Fiscal conservatives have fought Social Security and Medicare since their inception as crowning achievements of Democratic presidents, and rising national debt has intensified calls for overhauling the programs in recent decades. But charting a new course for entitlements has also long proved a graveyard for Republican ambitions.

In 2004, President George W. Bush seized on his reelection victory by making his top domestic priority diverting Social Security savings into private accounts, declaring, “I earned capital in this campaign, political capital, and now I intend to spend it.” The initiative smashed into congressional resistance and contributed to tanking Bush’s public approval.

Bush’s proposal resurfaced this month in a speech by Mike Pence, Trump’s former vice president who is now taking steps toward his own White House run. In the Feb. 2 speech to the National Association of Wholesaler-Distributors, Pence called it “an idea whose time has come.”

“I think the day could come when we could replace the New Deal with a better deal and literally give younger Americans the ability to take a portion of their Social Security withholdings and put that into a private savings account that the government would oversee,” Pence said in the speech, first reported by Yahoo News.

Pence’s campaign-in-waiting has signaled staking out a sharp contrast with Trump on this issue. Top Pence adviser Marc Short elaborated in a recent op-ed in the National Review, arguing that Republicans demanding spending cuts without touching Social Security or Medicare were being disingenuous or unrealistic.

“I understand that some Republicans are reluctant to address entitlement reform because Democrats’ demagoguery on the issue in the next election cycle would hurt them,” Short said, “but that does not justify misleading the American people by claiming that we can solve the fiscal crisis by taking a scalpel to ‘wokeism’ or the military-industrial complex.”

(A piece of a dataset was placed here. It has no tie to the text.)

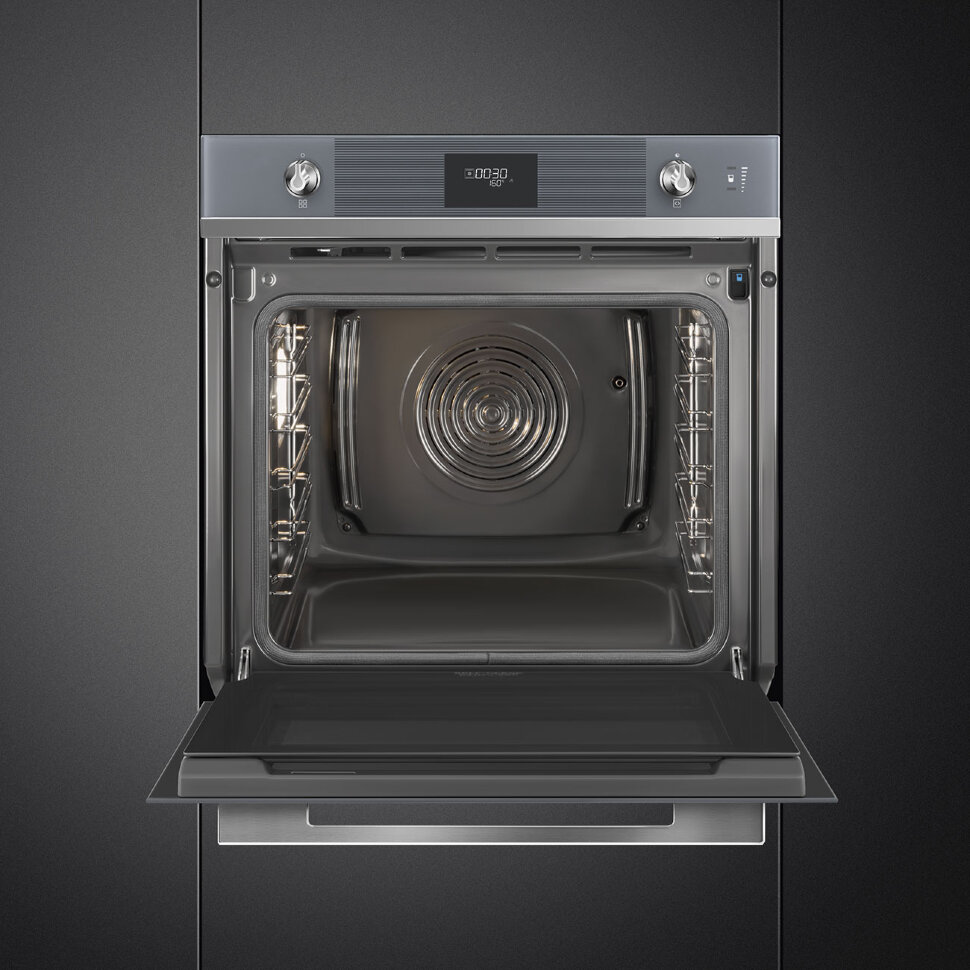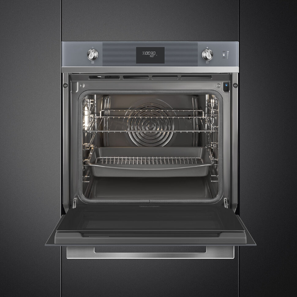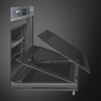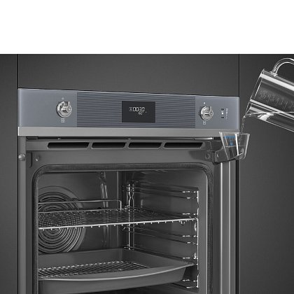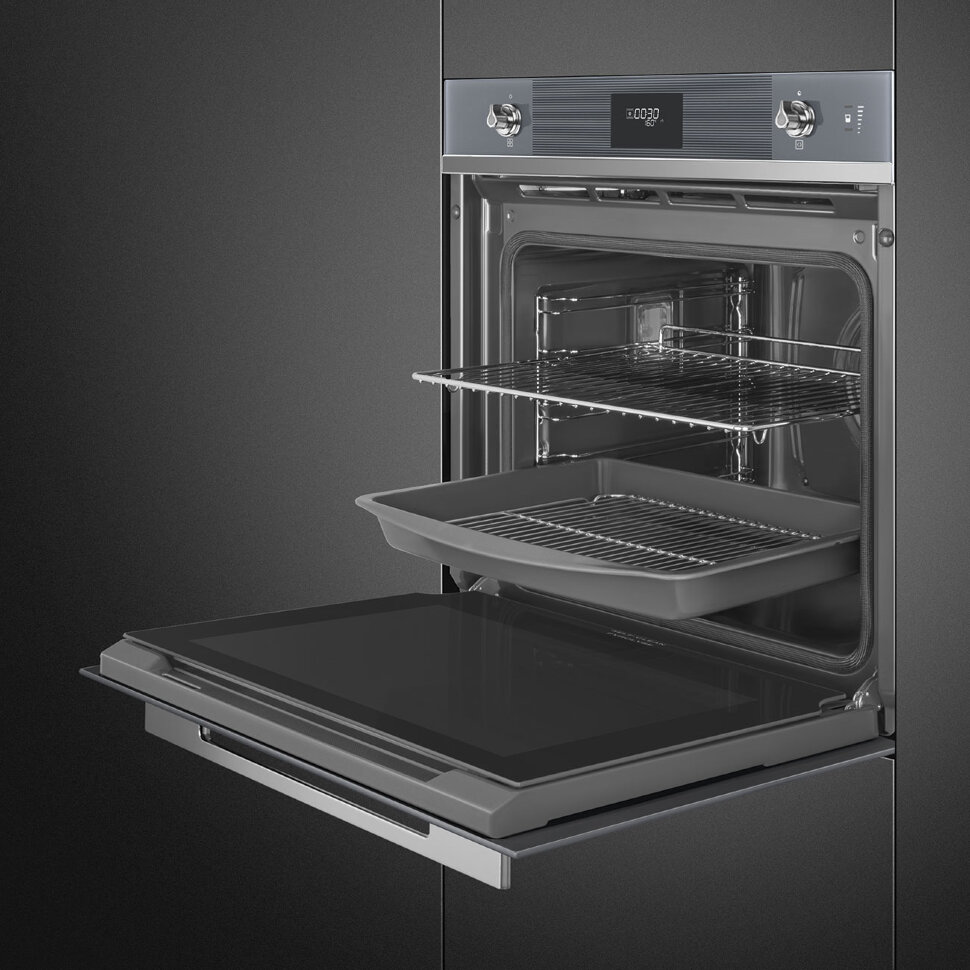 Духовой шкаф Smeg SOP6101S2S из коллекции Linea выполнен в цвете «Серебристое стекло Stopsol». Прибор предусматривает в себе пиролитическую систему очистки, которая при температуре около 500°C выжигает любые загрязнения — по завершении режима останется только протереть дно камеры мягкой тряпкой. Благодаря технологии подачи пара LITE-steam к некоторым функциям можно добавлять пароувлажнение (20 или 40% интенсивности пара), что обеспечивает наилучшие результаты приготовления.

Social Security spending makes up the largest single chunk of the federal budget, at 19 percent, and health-care programs including Medicare account for another 15 percent, according to Treasury Department data. As life expectancy has increased, birth rates declined, and more people enter retirement than enter the workforce, two federal trust funds that feed Social Security benefits are on track to take in less revenue than they’ll need to cover costs. The trustees project the funds to become insolvent in 2035, at which point the government would have to cut benefits, raise taxes or some of both, according to the Congressional Research Service.

Asked about their confidence in relying on future Social Security benefits, Americans were evenly split in AP VoteCast’s surveys of 2022 midterm voters, with Republicans reporting slightly less confidence than Democrats. More than half the country has said the U.S. spends “too little” on Social Security in the NORC General Social Survey since 1998. The portion of Americans who say the U.S. spends “too much” on Social Security ranged from 4 to 10 percent in the polls, landing at 6 percent in 2021.

Democrats spent more than $97 million on ads about Social Security in the 2022 midterms, according to data from the media tracking firm AdImpact. The main Democratic Senate super PAC pummeled Arizona Republican Blake Masters with ads showing him suggesting, “Maybe we should privatize Social Security,” while a spot against New Hampshire candidate Don Bolduc played a clip of the Republican saying, “Over time, we no longer have Social Security.”

Social Security and Medicare ranked among the most discussed issues in Democratic midterm ads, trailing abortion alongside health care, character-based attacks and special interests. Republican ads scarcely mentioned them.

Other potential entrants in the Republican primary, such as former secretary of state Mike Pompeo, Sen. Tim Scott (S.C.) and South Dakota Gov. Kristi L. Noem, also voted for Ryan’s budget when they were in Congress.

“There’s no doubt that we have to wrestle this beast to the ground and do the right thing,” Scott said on Fox News in 2012. “The fact is that if we don’t start having a real conversation about people in their 40s and younger about the transformation of the system, it won’t be available for folks now in their 20s and 30s.”